Teeth rattling, eyes red and raw, Pilgrim stared at Finn.—How did you know I cannot swim?

Finn, shaking just as hard, could not immediately answer.

—Couldn't just watch you sink.

Head got them sitting back to back and then wrapped new blankets round them. Then Gosse got the idea to take them to Morrow's in his coach – a spectacle, perhaps, but also a necessity.

At Morrow's they could get close to a fire.

He did this, returning some time later, offering Head cash for the blankets.

—Keep your coins, Gosse. Are they well?

—I rented them each a room and paid for a new suit of clothes.

I cannot speak for the fit.

—Take this back to Finn.

Gosse accepted the coat, which he laid out carefully on Head's chair. Then he picked up the cloth bag and held it up to the light.

—Heavy. So be the coat.

—That hardly concerns us, man. Tuck the bag into the sleeve and bring the lot back.

—Jumped straight in. You doubt me making Finn captain now? I'll have him master of my beauty,
Kittiwayke,
yet. He's travelled for the edges of the charts, let me tell you. Button always spoke well of him.

—Poor John Button.

—Poor Matt Finn, you mean. John Button died with his manhood intact. Finn got – injured in Barbary. Captive into Sallee.

Button told me most of it, but I heard Finn mutter it once: still a boy, a capture at sea, red tapestries, defiance, a brutal cutting away.

You can hear it when he's angry; that voice rears up like a mad colt.

Passes water with a wooden pipe. But I must go. I'm sure you right well conceit the reason: a new investment to attend.

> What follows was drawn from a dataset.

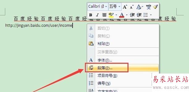 1、如上圖所示,在此情況下,右擊鼠標,選擇“段落”(如果是單獨某段,需要選中此段落后再右擊選擇):
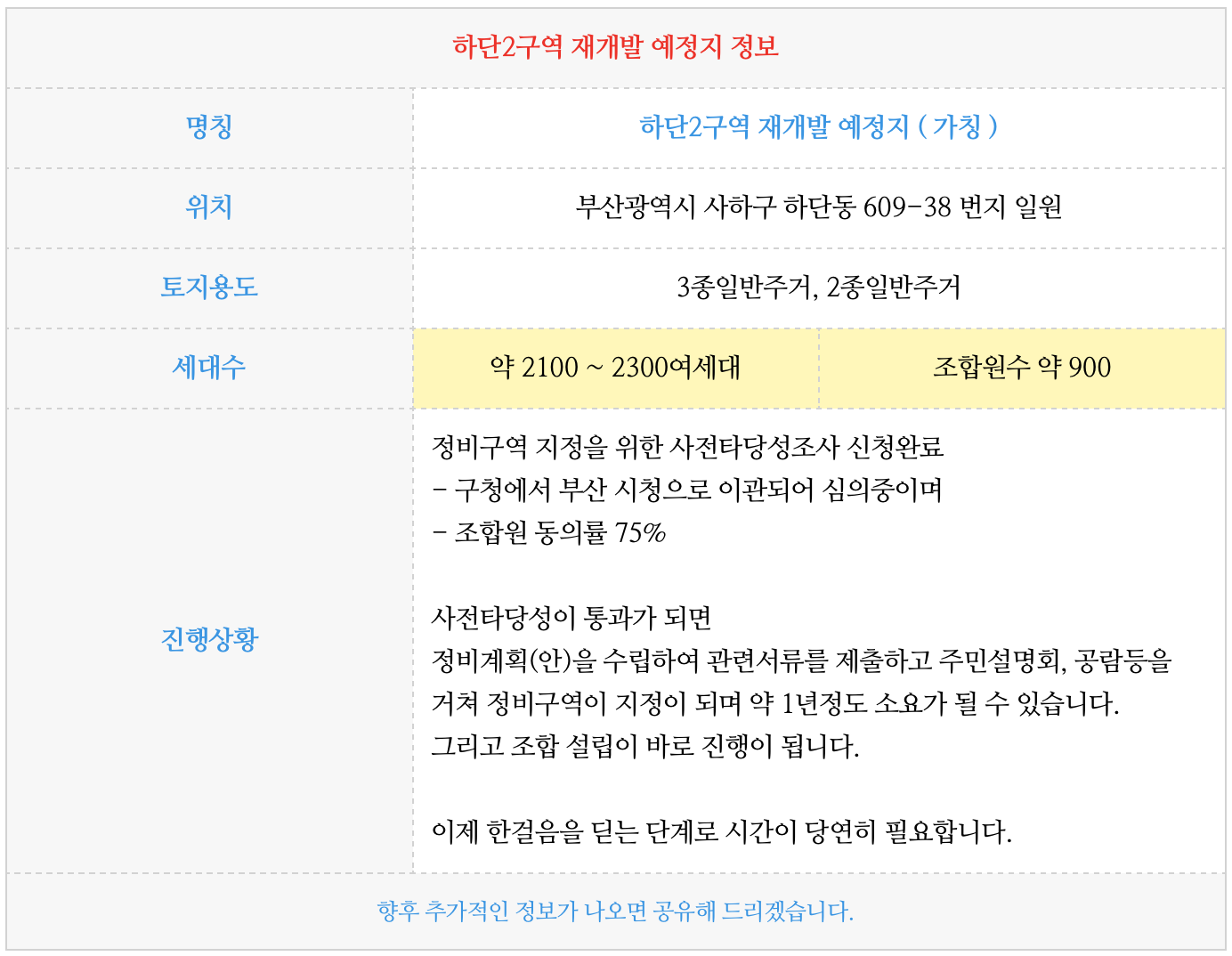 사하구 하단2구역 재개발 예정지에 대해 궁금 하신 점은 연락주시면 자세히 설명 드리겠습니다.

Until late in the autumn of 1732, Jericho Gosse thought no serious difference of opinion existed between him and Captain Finn. Gosse had looked after Finn, giving bonuses for fast runs, and Finn had shared the bonuses with the men. Head put down

Finn's popularity as a captain to three things: plaindealing, hard work, and an exotic history. Men who worked
Apple Bough
and then
Kittiwayke
described Finn as a good listener, if somewhat melancholic. Gosse warned them not to ask Finn anything of Barbary.